Jake’s supporter on the federal bench, Judge Ransom Rothbone is nearing retirement, but asks Jake to keep an eye on the Bolivar twins. Now that daddy is dead, they might start getting antsy about the hidden money and go ballistic if the money isn’t found. Plus, the Judge’s wife is in need of a kidney transplant, but judges are that well paid, so he is looking for a way to come up with a lot of money. You can see where this is heading.

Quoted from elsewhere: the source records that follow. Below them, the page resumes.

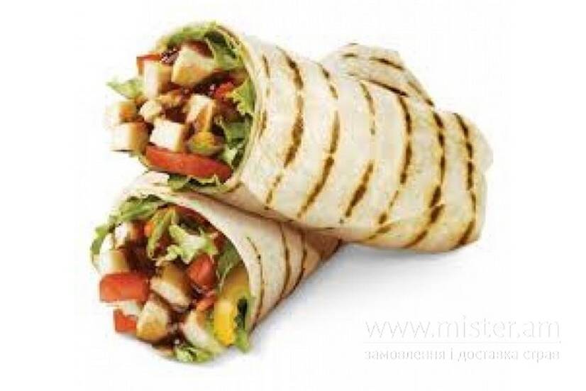 Курочка підсмажена у фритюрі, сир, маринована цибуля, морква корейська, помідор, зелень, авторський соус, гострий соус.
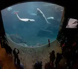 Es ist eines von zwei Aquarien in den Vereinigten Staaten, das Große Hammerhaie ausstellt; das zweite ist das Adventure Aquarium in New Jersey.[12] Das Aquarium beherbergte fünf drei Meter große Belugawale: Zwei männliche Tiere mit Namen Nico und Gasper wurden von einem Freizeitpark in Mexiko-Stadt gerettet, wo sie unter einer Achterbahn gehalten wurden.
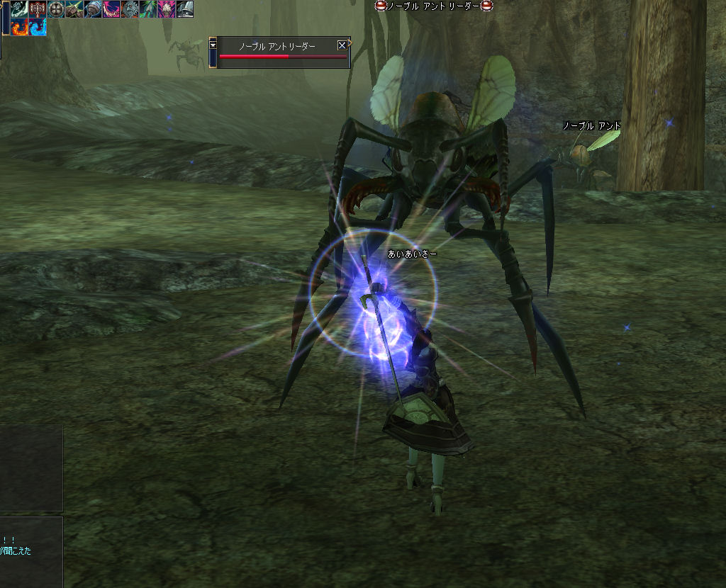 今日は何人かがやってます。まずひとりでアント系を狩ってる人が。手前でちょっと待って通り過ぎたのに、迷って反対側からまたそこに来ちゃった。もうちょっと行ったら例のソルジャーアント系うじゃうじゃの部屋。幸い二人組槍PTがいたので、彼らを邪魔しないように通過。それでもアク蟻がつついてくるので通路まで連れてって斬る。
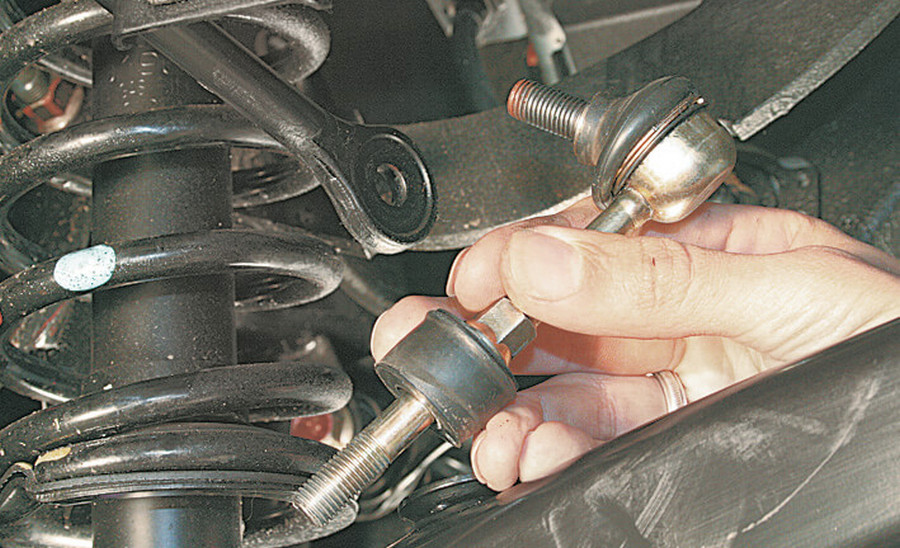 И принимаемся за дело. В первую очередь можно заняться стойкой стабилизатора. Откручиваем гайку стойки (фото 3). Больше информации по стойкам стабилизатора Вы сможете найти вот в этой статье.
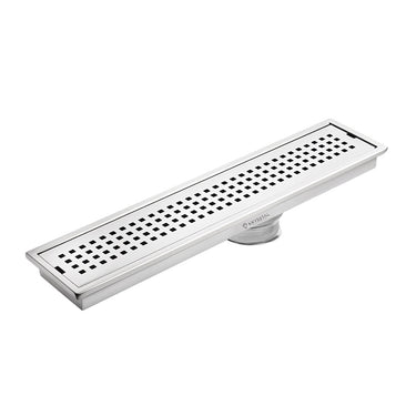 The Quattro 304-SS (24"x 4") Center Hole Shower Drain Channel is made from 304-grade stainless steel with a sturdy 1mm thickness, providing strong rust resistance and a sleek brushed matte finish. Its built-in cockroach trap effectively blocks pests, odors, and common clogs like hair and soap scum, keeping your drain clear. Equipped with Aqua-Vault Technology, this linear drain supports heavy water flow for fast drainage, preventing water buildup and keeping your bathroom floor dry. Its minimalist design fits seamlessly with the floor for a smooth, elegant look.
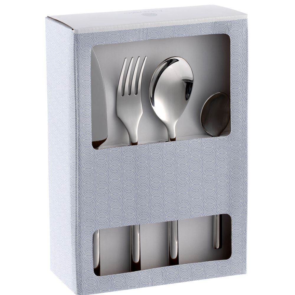 Набор столовых приборов Galateo на шесть персон включает в себя 24 предмета: 6 ножей, 6 вилок, 6 столовых ложек, 6 чайных ложек.

So while their daddy’s cellmate may well know something about the money, he ain’t talking, hoping to grab it all for himself. Chase Bolivar dreams up an idea to make some quick cash. Turns out that the explorer DeSoto went through their part of the state. She buys a cheap knockoff of a Spanish explorer’s helmet on eBay, tells the cellmate about it hoping he’ll tell a contact in New Orleans, one Fabian Antoinette (under Federal surveillance for, among other things, counterfeiting) to act as a middleman. A real helmet should fetch $5 million.

When the exchange is made, Mississippi game wardens, state and local police, and the feds all descend leading to one wild chase (no pun intended) through the Mississippi backwoods.

A decent story, well told by Cole. Crosby is easy to like as he tries to learn his way around becoming a game warden. Maybe not as experienced or slick as CJ Box’s Joe Pickett, I do see Cole developing Crosby into, if not a quality warden, then a competent, but slightly confused/naïve warden. Definitely worth another look. This is the 3rd in the series.